Italy’s High Court distrust China’s judiciary. On Wednesday, the highest Italian court published the motivation behind its historical decision to block an extradition towards China – a first. And the text notes that “where the People’s Republic of China makes the request, there is a real risk […] of being subjected to inhuman or degrading treatment”…
- …“since several reliable international sources acknowledge systematic violations of human rights and the tolerated use of forms of torture, as well as the substantial impossibility for independent institutions and organisations to verify the actual conditions of the persons detained in the detention centres.”

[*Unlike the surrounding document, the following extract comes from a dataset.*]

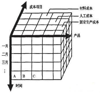 例如制造业的产品成本管理,如果只需要时期和成本项目两维的数据,则两维数据查询可以通过平面表格表示(如表1所示);如果需要三维以上的查询,则要用立体才可反映,如图4所示。

- In upholding the appeal, the Supreme Court also highlighted the subject’s fears – “also based on the conditions of detention suffered by her brother and reported by him in a note acquired at the trial, in which he referred to a detention ordered illegally and, in concrete terms, aimed at inducing his sister to return to China.”
A step back. The woman, a former CEO of a well-known Chinese company, is wanted in her home country for alleged economic crimes. She had been arrested in Italy in the summer of 2022 in the light of an Interpol Red Notice, spending seven months in prison and a few weeks under house arrest.
- Reached by our sister website, the defending lawyer Enrico Di Fiorino had described the Supreme Court’s decision as a “historic ruling, which expresses a now-common and uniform position that Western countries have taken with respect to extradition requests from countries that do not know or respect the rule of law.”